[Source data Boundary: Start]

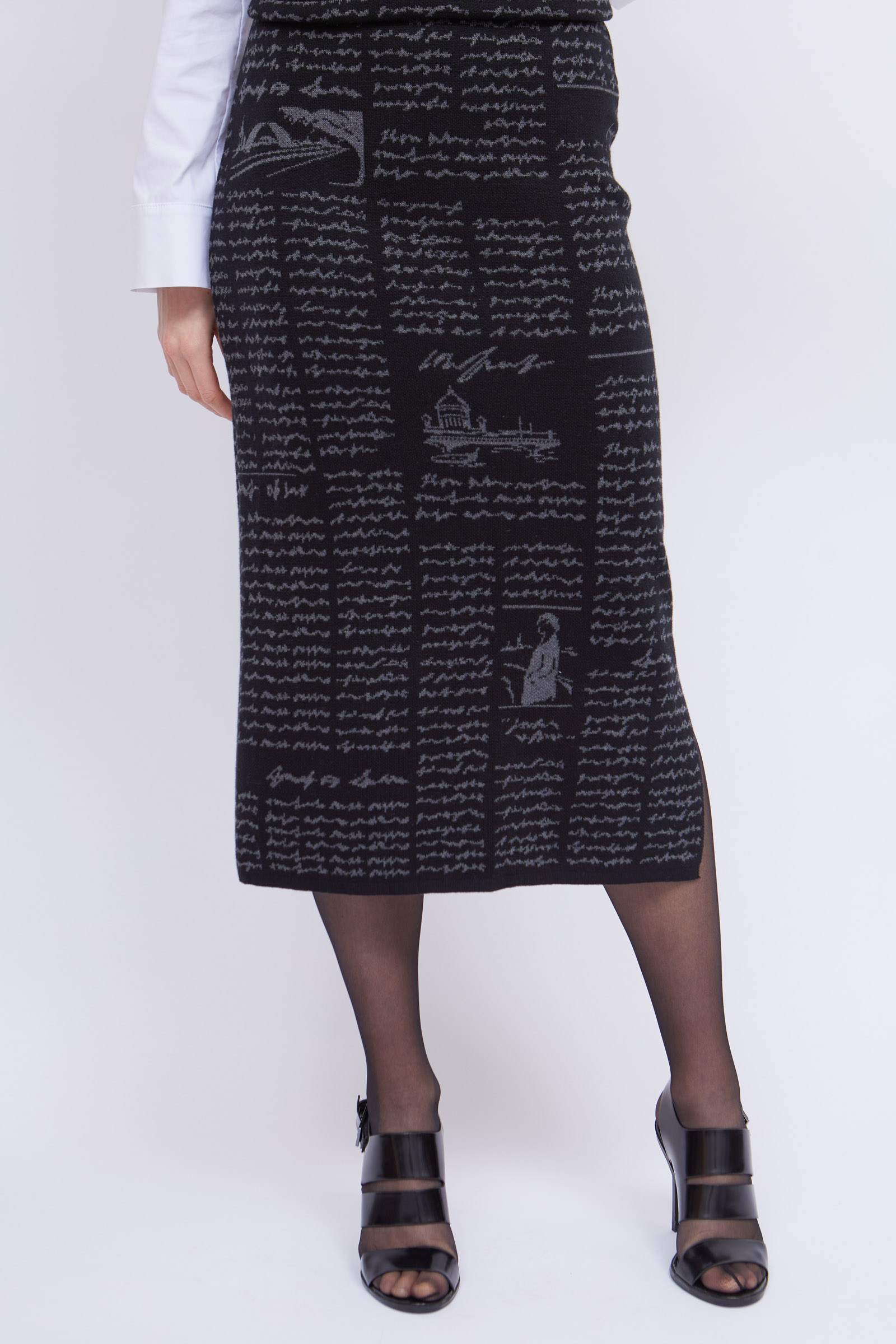 Юбка миди жаккардовой вязки с разрезом сбоку.
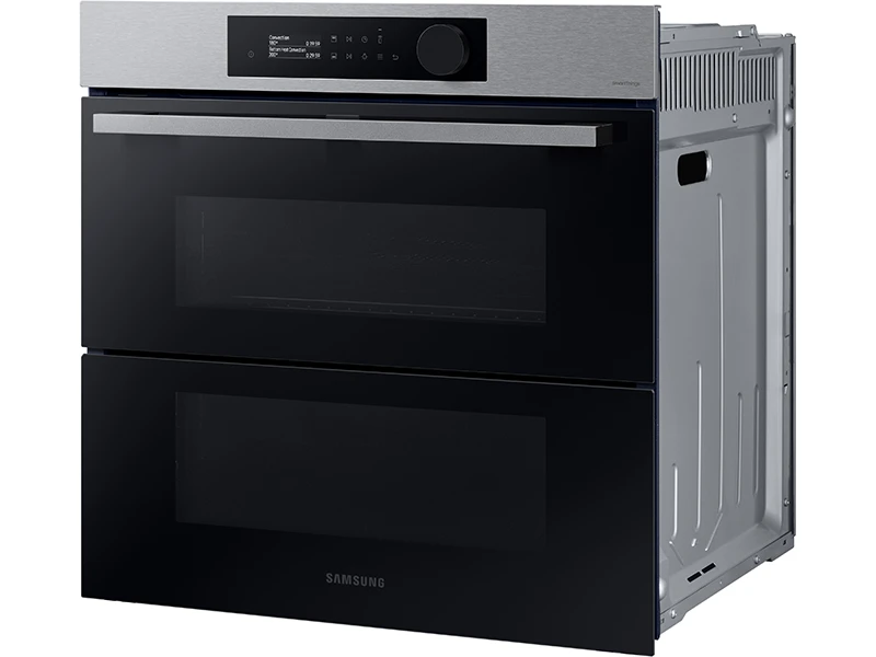 Готуйте різні страви одночасно. Верхня і нижня зони Dual Cook Flex працюють незалежно одна від одної. Використовуйте верхню зону для приготування невеликих страв, обидві зони для страв з різними налаштуваннями температури й часу, і цілу духовку для великих страв. Дверцята на петлях дозволяють легко отримати доступ до верхньої частини.
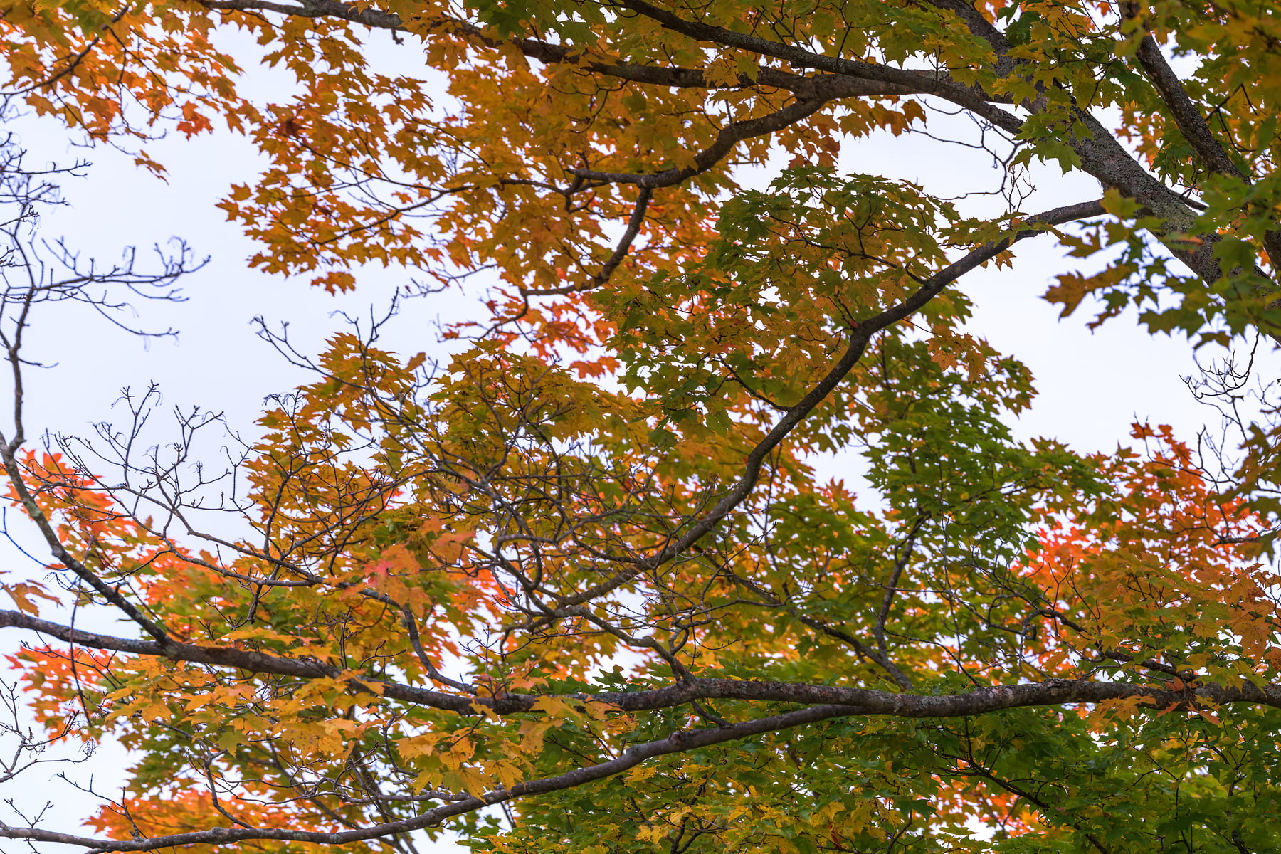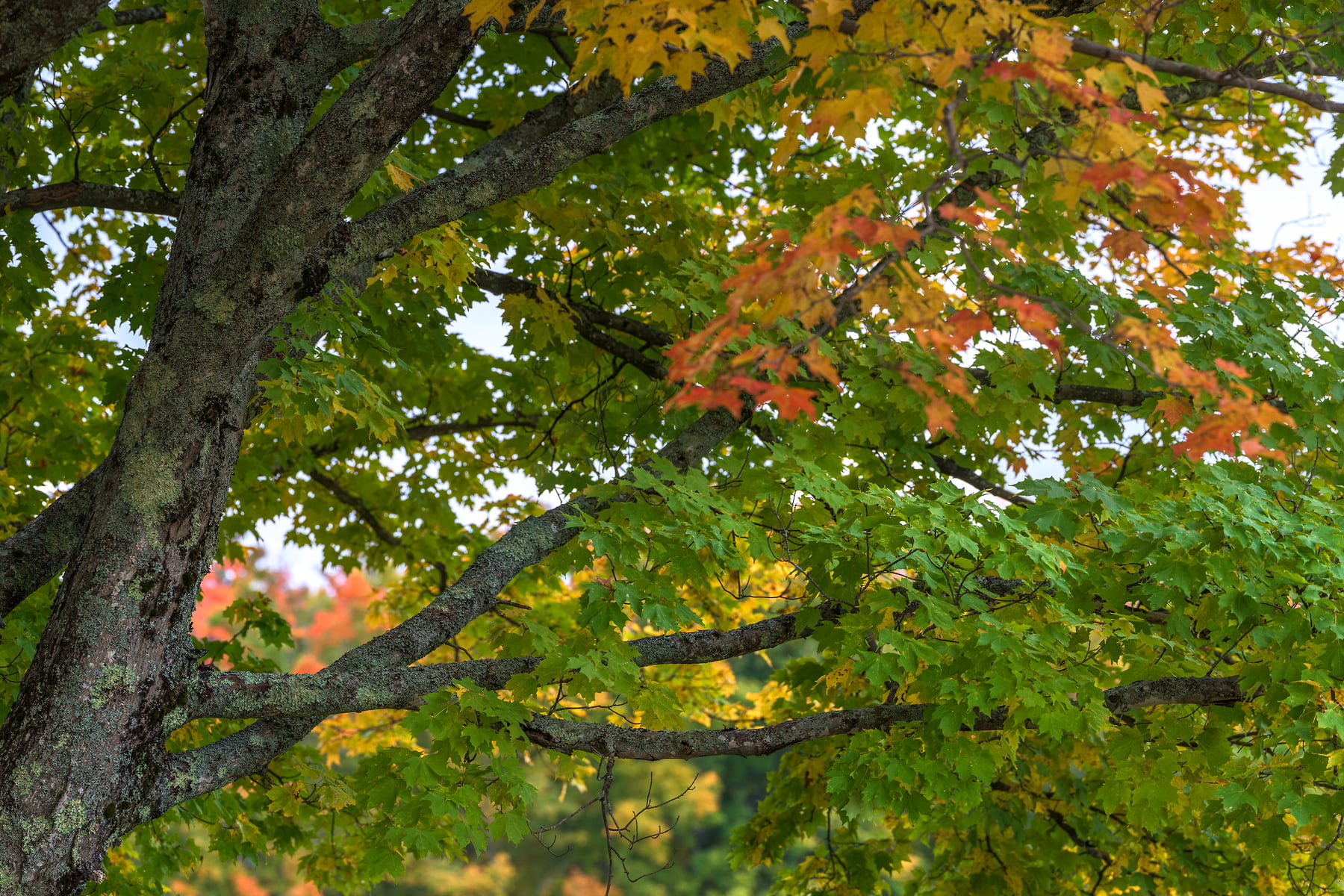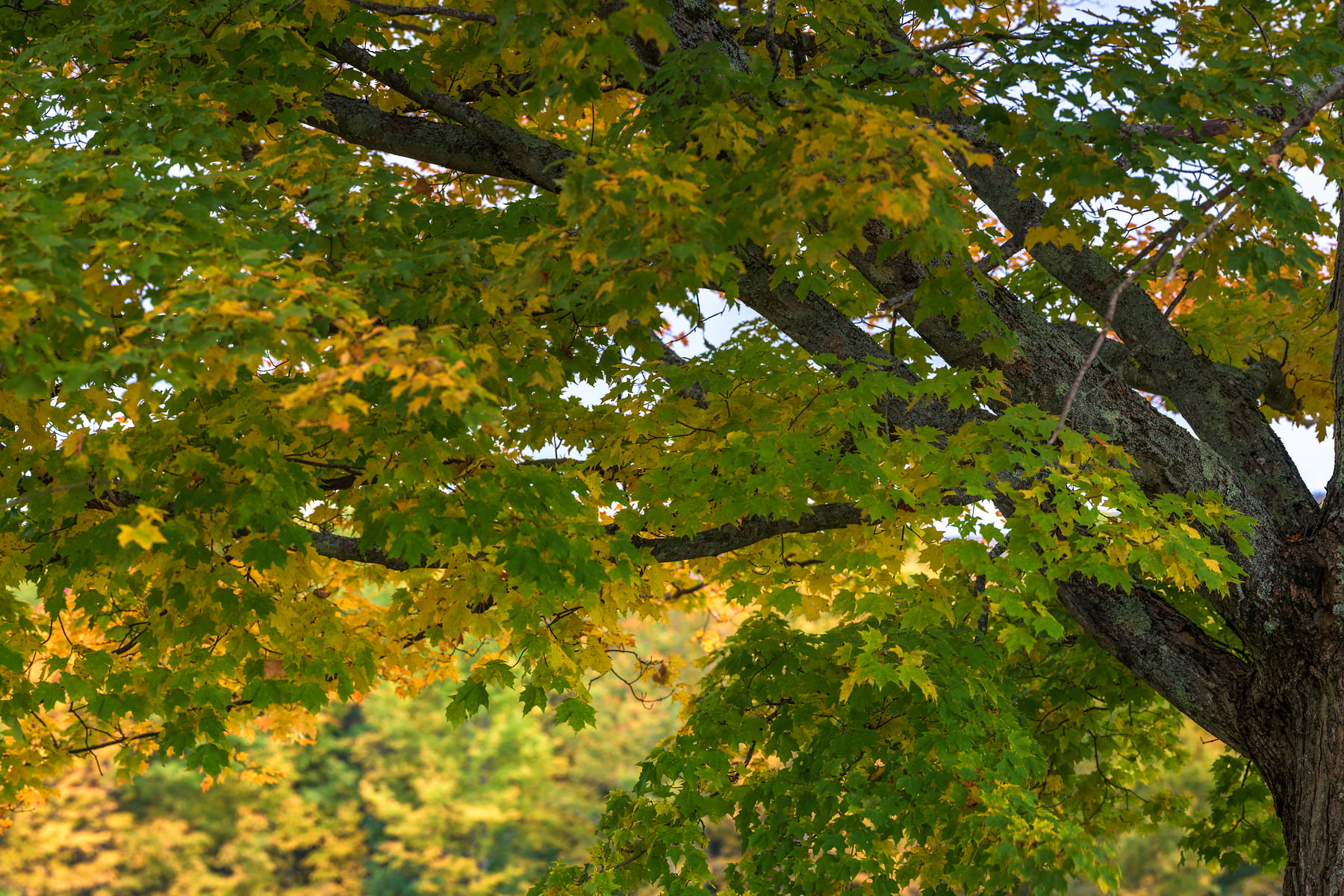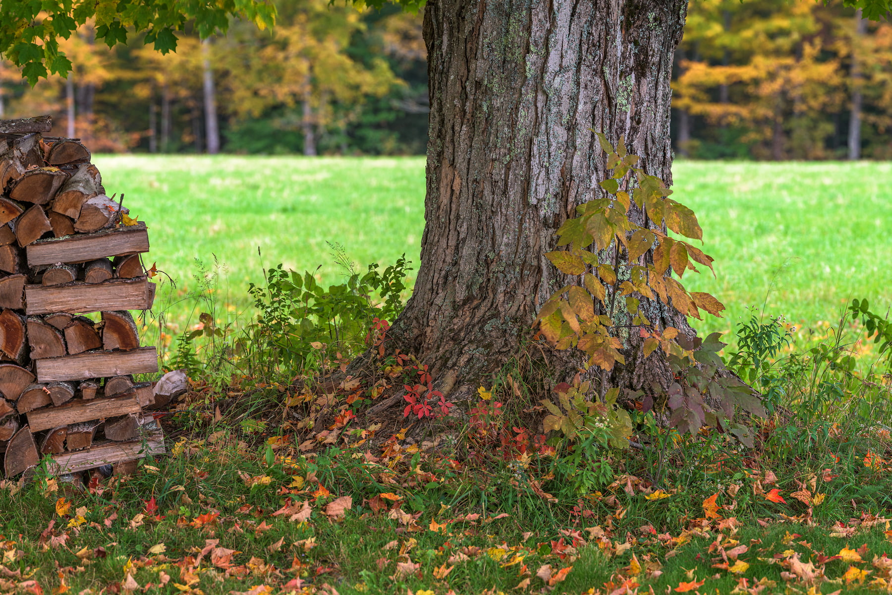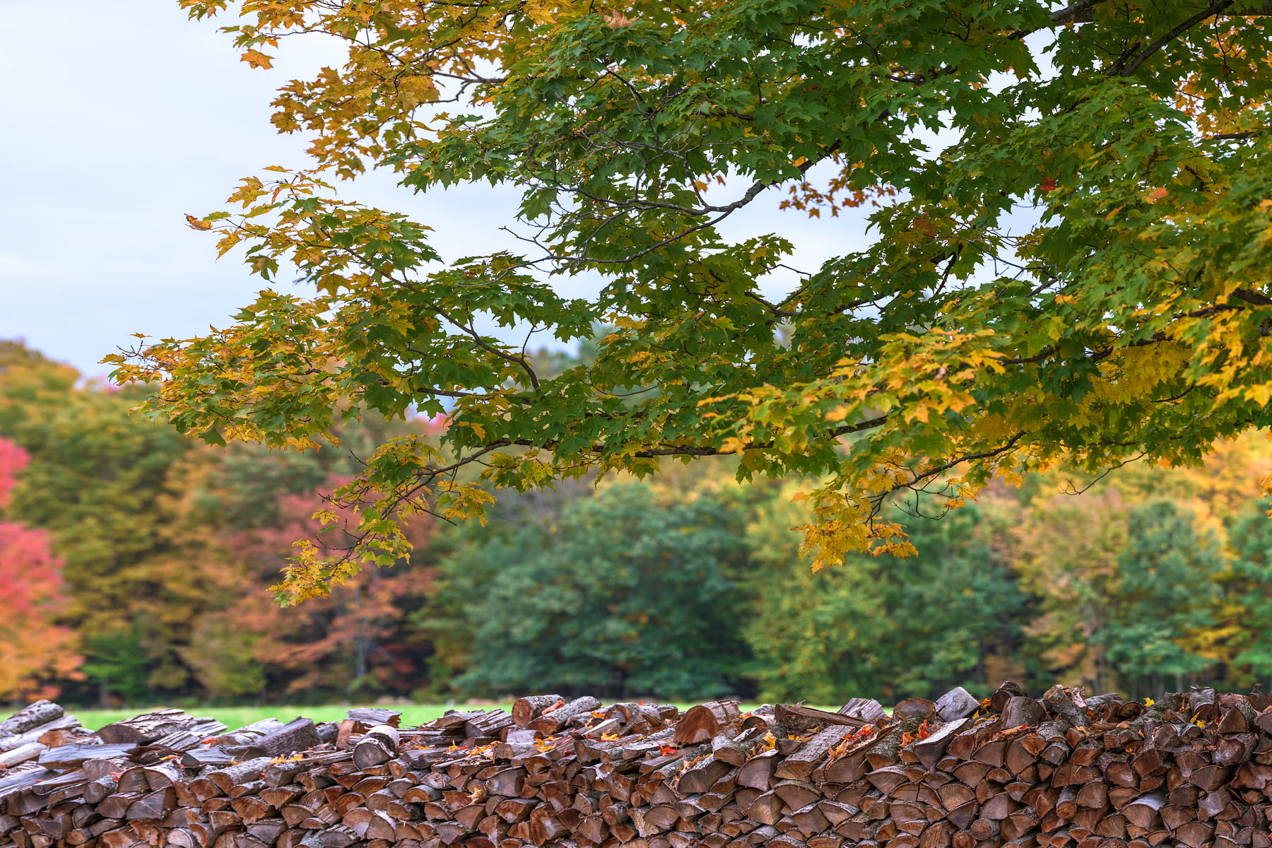 This large maple tree stands tall between rows of woodpiles at Muster Field Farm in Sutton, New Hampshire, October 10, 2021, 18:16 – 18:26.

[Source data Boundary: End]

Exact repetition of each line above is expected; images are to be omitted.

 Юбка миди жаккардовой вязки с разрезом сбоку.
 Готуйте різні страви одночасно. Верхня і нижня зони Dual Cook Flex працюють незалежно одна від одної. Використовуйте верхню зону для приготування невеликих страв, обидві зони для страв з різними налаштуваннями температури й часу, і цілу духовку для великих страв. Дверцята на петлях дозволяють легко отримати доступ до верхньої частини.
 This large maple tree stands tall between rows of woodpiles at Muster Field Farm in Sutton, New Hampshire, October 10, 2021, 18:16 – 18:26.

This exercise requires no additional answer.